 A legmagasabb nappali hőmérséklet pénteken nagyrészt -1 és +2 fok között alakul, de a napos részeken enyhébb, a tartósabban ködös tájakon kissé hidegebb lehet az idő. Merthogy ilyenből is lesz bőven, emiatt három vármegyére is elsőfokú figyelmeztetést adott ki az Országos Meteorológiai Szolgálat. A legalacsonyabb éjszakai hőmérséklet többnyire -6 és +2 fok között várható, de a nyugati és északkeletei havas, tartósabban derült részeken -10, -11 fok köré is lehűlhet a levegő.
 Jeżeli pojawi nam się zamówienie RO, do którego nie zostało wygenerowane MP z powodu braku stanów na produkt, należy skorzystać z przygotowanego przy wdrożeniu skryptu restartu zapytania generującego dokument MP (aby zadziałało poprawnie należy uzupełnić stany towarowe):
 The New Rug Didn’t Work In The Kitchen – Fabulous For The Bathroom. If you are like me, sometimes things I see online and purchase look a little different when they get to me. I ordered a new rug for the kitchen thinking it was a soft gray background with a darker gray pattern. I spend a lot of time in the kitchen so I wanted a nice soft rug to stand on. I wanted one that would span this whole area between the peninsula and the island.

==

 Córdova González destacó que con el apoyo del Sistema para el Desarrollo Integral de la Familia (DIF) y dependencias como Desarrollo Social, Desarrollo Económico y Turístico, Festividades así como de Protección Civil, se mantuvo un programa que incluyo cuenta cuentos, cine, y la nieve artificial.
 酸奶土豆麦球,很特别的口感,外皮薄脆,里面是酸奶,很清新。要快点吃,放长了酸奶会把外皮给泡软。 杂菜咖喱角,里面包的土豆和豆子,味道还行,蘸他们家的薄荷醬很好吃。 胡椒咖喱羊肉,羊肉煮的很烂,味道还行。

* * *

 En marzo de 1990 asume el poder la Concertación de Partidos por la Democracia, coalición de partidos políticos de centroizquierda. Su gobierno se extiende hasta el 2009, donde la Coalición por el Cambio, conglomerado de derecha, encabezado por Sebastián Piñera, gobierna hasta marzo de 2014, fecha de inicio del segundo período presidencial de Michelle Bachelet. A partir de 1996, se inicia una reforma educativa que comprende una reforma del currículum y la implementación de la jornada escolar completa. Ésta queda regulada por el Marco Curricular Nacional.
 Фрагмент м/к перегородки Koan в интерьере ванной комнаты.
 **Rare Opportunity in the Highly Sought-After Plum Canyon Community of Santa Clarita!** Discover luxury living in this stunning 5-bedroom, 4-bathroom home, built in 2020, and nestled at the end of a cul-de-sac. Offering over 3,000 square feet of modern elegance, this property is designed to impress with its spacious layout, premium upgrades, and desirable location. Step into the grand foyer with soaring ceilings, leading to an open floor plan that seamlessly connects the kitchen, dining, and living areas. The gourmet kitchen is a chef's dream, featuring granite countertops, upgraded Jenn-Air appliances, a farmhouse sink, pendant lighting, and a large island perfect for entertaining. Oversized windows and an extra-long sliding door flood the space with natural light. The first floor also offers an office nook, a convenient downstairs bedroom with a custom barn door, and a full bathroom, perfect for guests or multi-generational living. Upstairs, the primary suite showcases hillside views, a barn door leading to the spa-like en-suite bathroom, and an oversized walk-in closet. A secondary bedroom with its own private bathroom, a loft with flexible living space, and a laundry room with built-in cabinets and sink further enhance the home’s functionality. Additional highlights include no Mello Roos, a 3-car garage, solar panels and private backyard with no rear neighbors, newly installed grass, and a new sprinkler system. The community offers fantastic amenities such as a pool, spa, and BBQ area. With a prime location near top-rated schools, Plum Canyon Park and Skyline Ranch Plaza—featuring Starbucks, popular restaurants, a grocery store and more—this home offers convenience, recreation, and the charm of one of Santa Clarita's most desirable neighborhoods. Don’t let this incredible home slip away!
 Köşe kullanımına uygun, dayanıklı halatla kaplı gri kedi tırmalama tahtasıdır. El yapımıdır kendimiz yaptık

_What needs to be done_
Search the listing above for the lines with "A legmagasabb nappali" and "Jeżeli pojawi nam", then output those lines and all lines between them exactly.

_Solution below_
 A legmagasabb nappali hőmérséklet pénteken nagyrészt -1 és +2 fok között alakul, de a napos részeken enyhébb, a tartósabban ködös tájakon kissé hidegebb lehet az idő. Merthogy ilyenből is lesz bőven, emiatt három vármegyére is elsőfokú figyelmeztetést adott ki az Országos Meteorológiai Szolgálat. A legalacsonyabb éjszakai hőmérséklet többnyire -6 és +2 fok között várható, de a nyugati és északkeletei havas, tartósabban derült részeken -10, -11 fok köré is lehűlhet a levegő.
 Jeżeli pojawi nam się zamówienie RO, do którego nie zostało wygenerowane MP z powodu braku stanów na produkt, należy skorzystać z przygotowanego przy wdrożeniu skryptu restartu zapytania generującego dokument MP (aby zadziałało poprawnie należy uzupełnić stany towarowe):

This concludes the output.